Despite needing to come up with her speech, outside factors continuing to pull Elizabeth’s attention toward West Africa. Her husband, Henry, and Vasseur team up. And when things couldn’t get worse, Ambassador Odilon Bokassa pays Madam a visit. Of course, he whitewashes the situation, but Hill….er Madam Secretary ain’t no fool. Things continue getting worse in West Africa and at home. Elizabeth discover a possible spy in ranks, in the form of Nadine. Although America has no legitimate interest in West Africa, Elizabeth takes her strategy to the president, in hopes of receiving backing. Despite 50,000 innocents being at risk, the meeting ends badly for Madam Secretary.

While Elizabeth continues to make her push politically, Henry and Father Laurent attempt to get support from a reporter, who says the process will require more time. Back at home, mother and daughter share a bonding moment, as Stevie (Wallie Currie-Wood) reassures her mother. Finally, a break through. The Washington Chronicle agrees to write an article on the story. Meanwhile, Elizabeth begins her speech, which quickly goes off the rails and directly into the West African tunnels. While a few stand with Elizabeth on the matter, it seems she’s gotten herself in hot water.

Welp, Hillary is out and John Kerry is in. The end! Elizabeth doesn’t seem too considered about the speech. Nadine belittles Blake and lets him know that she is well aware of their distrust for her. The Ambassador of the Republic of West Africa insults America directly to Elizabeth, before we got back home to join Elizabeth and Henry in bed. Uh oh! President is mad and Russell summons the Secretary to the White House. While Russell has his tighty whities in a bunch, the president agrees with Secretary and is willing to offer his support. Now the team is beginning to pick up steam.

Henry rushes to Madam Secretary, as the two discover that Father Vasseur has been accused of smuggling drugs. Now, the president is facing a possible scandal. While Russell continues to push his political agenda, Elizabeth continues mentioning the innocent people of the RWA. The team continues pushing ahead and work to craft a press release for logistical and air support. Henry lays down the law on old Reverend and demands answers. The reverend justifies his actions and refuses to apologize to Henry, who cuts ties to his old friend.

When things can go wrong, they will. More troops will be needed to beef up the African troops, unless the CIA can cut a deal with African warlords. Now, all support seems to be pulling out. Things continue growing worse for the cause. Even the CIA’s intermediary is killed. Time to call in John McCain to Bomb Bomb Bomb Iran.

Back at home, Elizabeth and Henry are down on their luck. Things aren’t looking good for the innocents of West Africa. Of course, Henry comes up with a clever plan to offer the warlords a better deal. Father Vasseur agrees to communicate with the warlords. If they allow troops through, the US will give them cash, without public knowledge. Obviously, the Ambassador isn’t happy with the situation, but there isn’t much he can do.

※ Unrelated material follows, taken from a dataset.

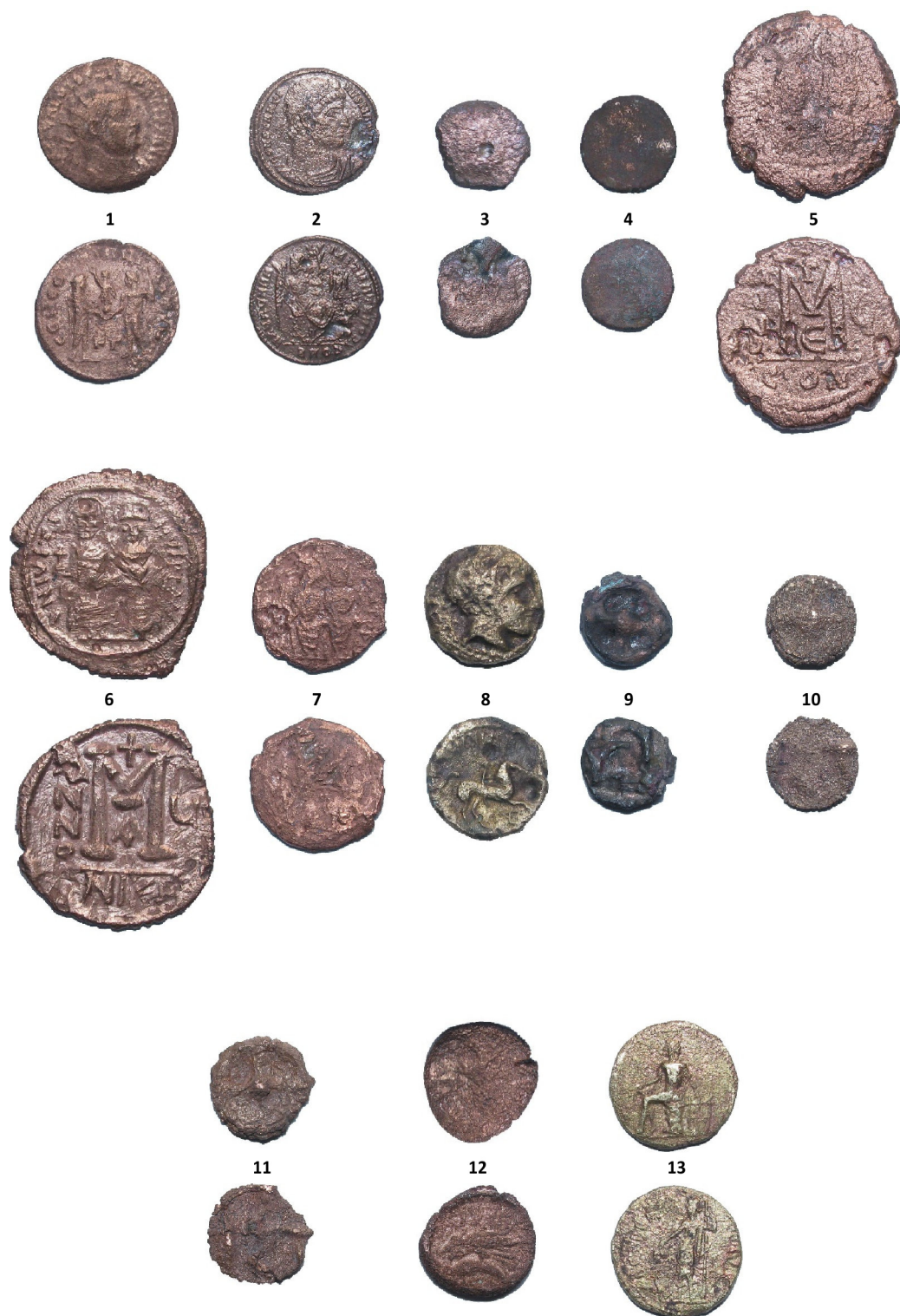
Fig. 2. Monede descoperite în cursul cercetărilor la Histria, Sectorul Acropolă Centru-Sud (2013–2014) / Coins found during the excavations at Histria, the Acropolis Centre-South Sector (2013–2014).

Madam Secretary and Nadine share a bonding moment and share to toast to a good day at the office. Back at home, Father Vasseur finally apologizes to Henry and informs him that he is traveling to Rome. Madam Secretary offers her support, but Father still insists on taking his leave.

Overall, this was a fairly straightforward episode. There weren’t a lot of surprises and I would have liked to seen some more scenes at home with the kids. I tend to find these scenes to be the best, in the series. If you can get around the fact that the show is political and possibly promoting Hillary Clinton in 2016, the show is solid. The episode deserves a 7 out of a 10.

While the series is solid, it is still missing something. If the show had a little more heart, it could be great, instead of good, as it is now. We’ll continue to look forward to each episode on Sunday night on CBS.